History | Log In     View a printable version of the current page.  
Issue Details (XML | Word | Printable)

Key: QB-949
Type: Bug Bug
Status: Resolved Resolved
Resolution: Fixed
Priority: Critical Critical
Assignee: Unassigned
Reporter: Rene Raasuke
Votes: 0
Watchers: 0
Operations

If you were logged in you would be able to see more operations.
QuickBuild

Build requests hanging in CHECKING_BUILD_CONDITION state because socket readTimeout is not set

Created: 14/Jun/11 02:12 PM   Updated: 18/Jun/11 12:13 PM
Component/s: None
Affects Version/s: 3.1.45
Fix Version/s: 3.1.48

Original Estimate: Unknown Remaining Estimate: Unknown Time Spent: Unknown
File Attachments: None
Image Attachments:

1. blocked_queue.png
(52 kb)
Environment: Debian Squeeze x86-64


 Description  « Hide
We have a situation where build request is hanging in CHECKING_BUILD_CONDITION state while the build with same build version appears to be finished already.
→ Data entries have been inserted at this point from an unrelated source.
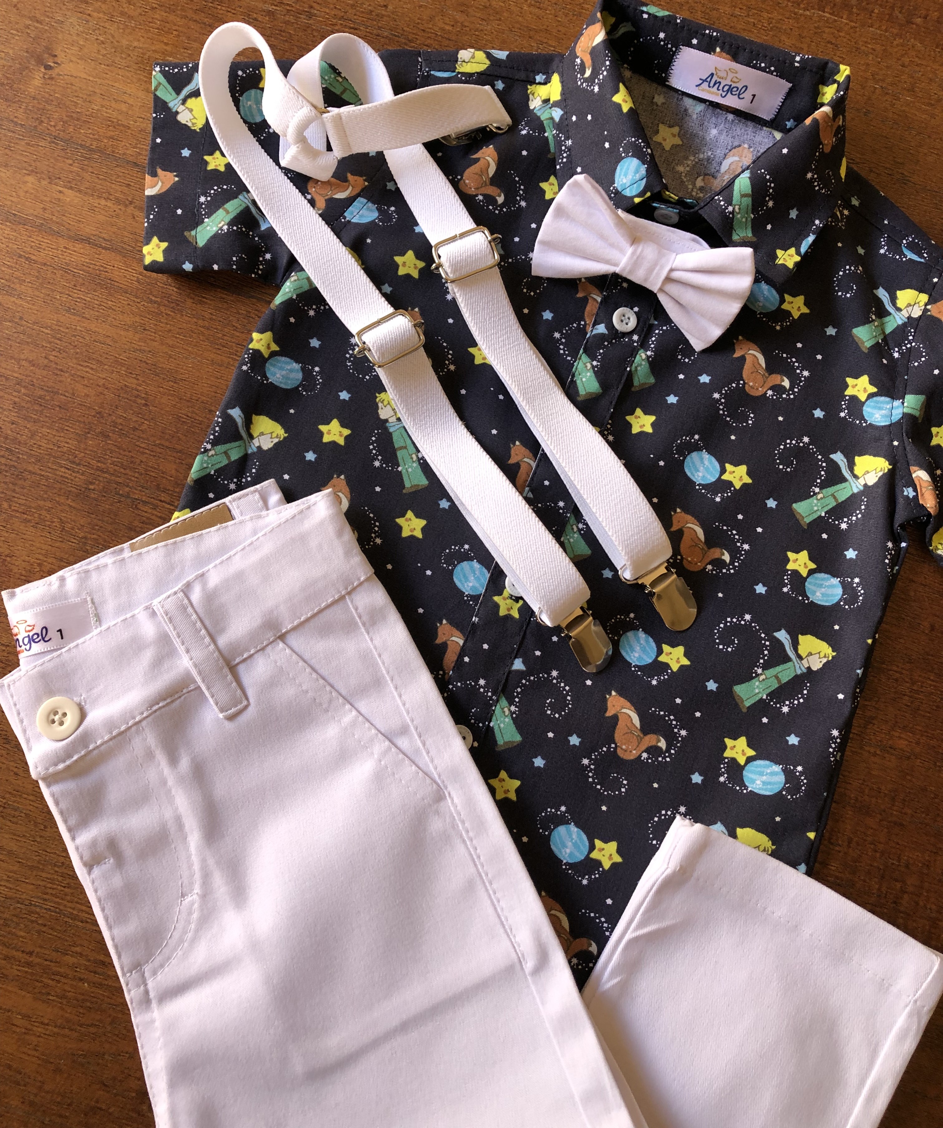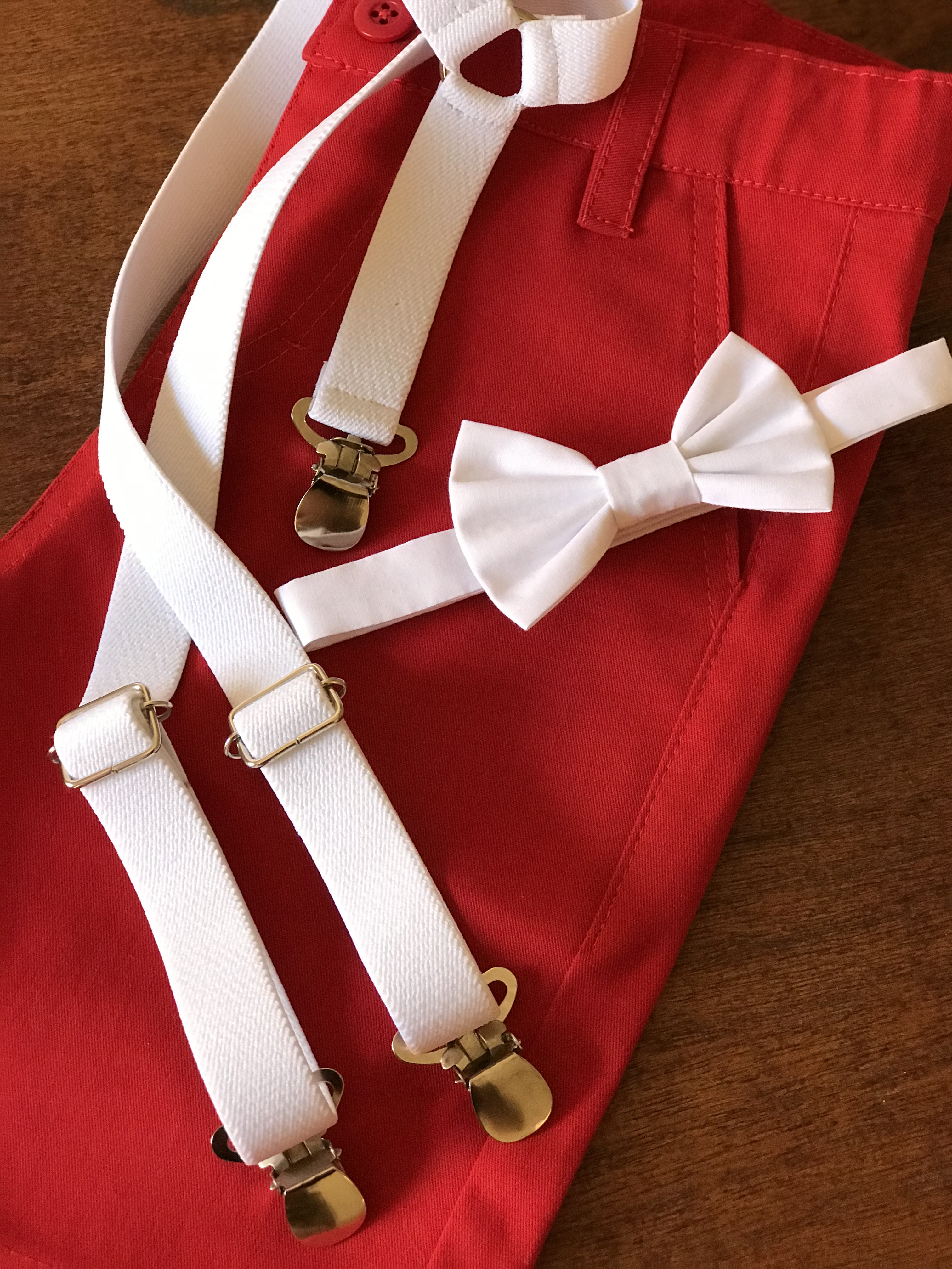 Suspensório de elástico, na cor branco, para crianças de RN a 15 anos.
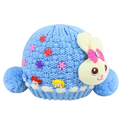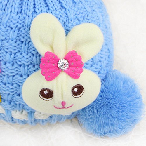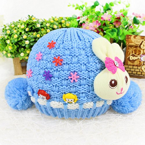 Happy Cherry 超人気 帽子 ニット キャップ 女の子 ベビー キッズ キュート 可愛い 綿 兎人形付き ボンボン付き プレゼント ブルー
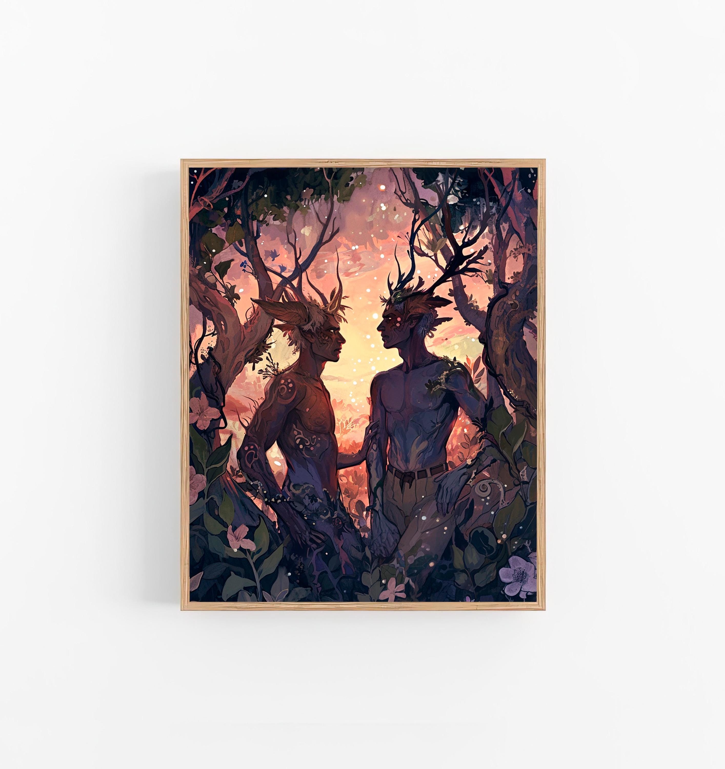 Tag : Fairies Male Body Art Print Gay Watercolor Painting Fairy Tale Artwork Forest Fairy Wall Art

After digging through the heap dump I found that a thread processing that request is stuck at socket read:
"Thread-5248962" daemon prio=10 tid=0x00007f21800cb000 nid=0x1924 runnable [0x00007f217f848000]
   java.lang.Thread.State: RUNNABLE
at java.net.SocketInputStream.socketRead0(Native Method)
at java.net.SocketInputStream.read(SocketInputStream.java:129)
at java.io.BufferedInputStream.fill(BufferedInputStream.java:218)
at java.io.BufferedInputStream.read1(BufferedInputStream.java:258)
at java.io.BufferedInputStream.read(BufferedInputStream.java:317)
- locked <0x0000000708777a90> (a java.io.BufferedInputStream)
at sun.net.www.http.HttpClient.parseHTTPHeader(HttpClient.java:687)
at sun.net.www.http.HttpClient.parseHTTP(HttpClient.java:632)
at sun.net.www.protocol.http.HttpURLConnection.getInputStream(HttpURLConnection.java:1195)
- locked <0x0000000708777ad0> (a sun.net.www.protocol.http.HttpURLConnection)
at java.net.HttpURLConnection.getResponseCode(HttpURLConnection.java:379)
at com.caucho.hessian.client.HessianProxy.invoke(HessianProxy.java:166)
at $Proxy100.cacheBuildStatus(Unknown Source)
at com.pmease.quickbuild.DefaultBuildEngine.cacheBuildStatusInGrid(DefaultBuildEngine.java:1275)
at com.pmease.quickbuild.DefaultBuildEngine.process(DefaultBuildEngine.java:286)
at com.pmease.quickbuild.DefaultBuildEngine.access$1(DefaultBuildEngine.java:242)
at com.pmease.quickbuild.DefaultBuildEngine$2.run(DefaultBuildEngine.java:753)
at java.lang.Thread.run(Thread.java:662)

Checking the parameters for connection QB uses to communicate with grid I found that you have set connectionTimeout but no readTimeout meaning it will just wait forever if a node just disappears in the middle of socket session and does not close the connection properly. We can not assume the network to be 100% stable due to distributed nature of our grid.
What's most annoying is that it's impossible to remove the hanging build from the queue. It just does not go away. The only way to get rid of it is to restart QB which we can not afford to do very often.

 All   Comments   Work Log   Change History      Sort Order:
Rene Raasuke [14/Jun/11 02:14 PM]
Attached a screenshot of the situation as well

Robin Shen [15/Jun/11 12:34 AM]
Previously we've set the socket read timeout but get frequent bug report that the build experiences socket read timeout. Unlike socket connection, socket read may take a very long time due to current remote call mechanism in QB (for example when a build resolves dependency of another build, it will simply wait them for build completeness). So we temporarily removed the socket read timeout in QB3. As we are redesigning the grid system in QB4 to make use of asynchronous remote calls (a remote call will not wait for certain build to finish, instead, the finished build will notify the consumer), read timeout will be feasible as each remote call is expected to finish in a short time.

Rene Raasuke [15/Jun/11 04:44 AM]
I'm afraid we can't wait for QB4 with this one. We get several incidents per week. We'd rather lose a build request than watch the queue fill up with thousands of builds, bringing the whole grid to halt eventually.
what I suggest you do:
1) set the timeout to a big enough number, it does not have to be 30 seconds. Even 20 minutes would do.
2) and/or make the timeout configurable so we can set it for ourselves only

Robin Shen [15/Jun/11 11:26 PM]
OK, I understand. Will add this back into QB3 probably with a configurable read timeout.